- Aprikian in the 1990s
- Born: 1926 Alexandria, Egypt
- Died: 15 October 2024 (aged 97–98) Malakoff, Hauts-de-Seine, France
- Occupations: Composer; Choral conductor;
- Organizations: Sipan-Komitas
- Works: List of compositions
- Awards: Ordre des Arts et des Lettres · Grand Vermeil Medal;

= Garbis Aprikian =

Armenian composer (1926–2024)

Garbis Aprikian (1926 – 15 October 2024) was a musician from the Armenian diaspora who was born in Egypt and moved to Paris in 1953, where he studied, inspired especially by Olivier Messiaen. He conducted the Armenian mixed chorus Sipan-Komitas for around 50 years, composing many works especially for the group and also arranging Armenian folk music and works of others. He combined melodies from Armenia with Western musical techniques such as harmonies and counterpoint. Aprikian is regarded as a pioneer of bringing Armenian music to France.

== Biography ==
Aprikian was born in Alexandria, Egypt, in 1926. He studied at the Armenian National Boghossian primary school and then at the American College. From the age of ten he began serious music lessons with Maestro Frapicini, a student of Pietro Mascagni, in piano as well as in harmony and counterpoint. He sang in the children's choir of the Eglise Arménienne d'Alexandrie, also as a soloist. Learning about Armenian history and music made him feel "a sense of national pride".

In 1948, Aprikian founded the mixed chorus Hamazkaine with which he gave concerts in Alexandria, in Cairo and on radio. The success encouraged members of the association Houssaper to award him a scholarship to complete his training in Europe.

=== Paris ===
Aprikian arrived in Paris in 1953 where he studied composition and conducting at the Ecole Normale of Music with Simone Plé-Caussade, Tony Aubin and Jean Fournet and took a course on musical aesthetics by Olivier Messiaen at the Conservatoire de Paris.

The Armenian mixed chorus Sipan-Komitas then sought him to replace Kurken Alemshah, and he accepted the position. He conducted the choir from the 1950s for about fifty years. He composed and harmonized popular melodies and old patriotic songs, more than two hundred religious, secular and folk works. They performed at the Festival d'Avignon, at Sénanque Abbey, the Chartreuse of Villeneuve-lès-Avignon, in Normandy, Rennes, Cannes, Venice, and the festival Art Sacré de la ville de Paris. They performed concerts in Brussels, Geneva, Bern, Basel, Munich and Amsterdam, among others, and recorded several CDs.

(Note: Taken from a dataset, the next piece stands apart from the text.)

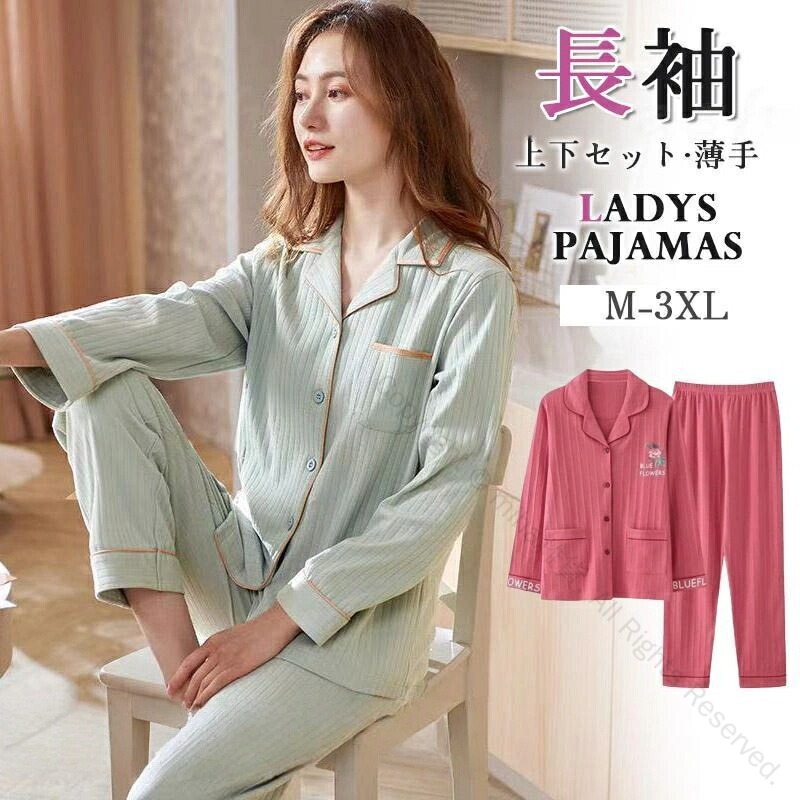 パジャマ ルームウェア レディース ロングパンツ 長袖 上下セット 部屋着 寝間着 綿 大きいサイズ 春秋 ゆったり 女性 長袖ルームウェア カジュアル ナイトウエア 寝巻き

In 1991 Aprikian was invited for the first time by Armenian authorities to go to Yerevan, where he performed in a concert of his own works and those of other composers of the Armenian Diaspora.

=== Personal life ===
Agprikian had a son, Ara.

Aprikian died at his home in Malakoff, Hauts-de-Seine, on 15 October 2024, at the age of 98.

== Works ==

Aprikian said in an interview that in his compositions, he took melody mostly from Armenian music, but fused it with Western classical music's harmonies when he arranged themes from Armenian folk music, calling it a "'noble' transcription of tradition". He composed original works but also arrangements of Armenian folk music and of works by other Armenian composers such as Komitas. His sources included Armenian children's songs, prayers, songs about nature, battle songs and processional songs.

He composed the Petit suite nuptiale for his son's wedding, based on songs his father had sung to him when he was a child. He wrote an oratorio, Naissance de David de Sassoun, to a libretto by Hagop Oshagan, for soloists, choir and orchestra, premiered in 1994.

== Honours ==
- 1989 Medal of Saint Nerces Chenorali by Vasken I, Catholicos of all Armenians
- 1993 Medal of Saint Mesrop Machtots by Garéguine II Nersissian of the Great House Of Cilicie

- 1994 Vermeil Medal of the City of Paris awarded by Jacques Chirac
- 2004 Ordre des Arts et des Lettres

- 2024 Grand Vermeil Medal of the City of Paris, for his life's work.
- 2025 A square in Paris is named after Aprikian on the anniversary of his death

== Recordings ==
- 2003: Aprikian: Oeuvres Vocales et Instrumentales is a collection of vocal and instrumental pieces, including Aprikian's "Lamento", Petite suite nuptiale in both a trio and an orchestral version, "Moutn er" and Divertimento.
- Mayrig: To Armenian Mothers is a collection of songs by Armenian composers, including Aprikian's "Lamento", "Lullaby", and Petite suite nuptiale.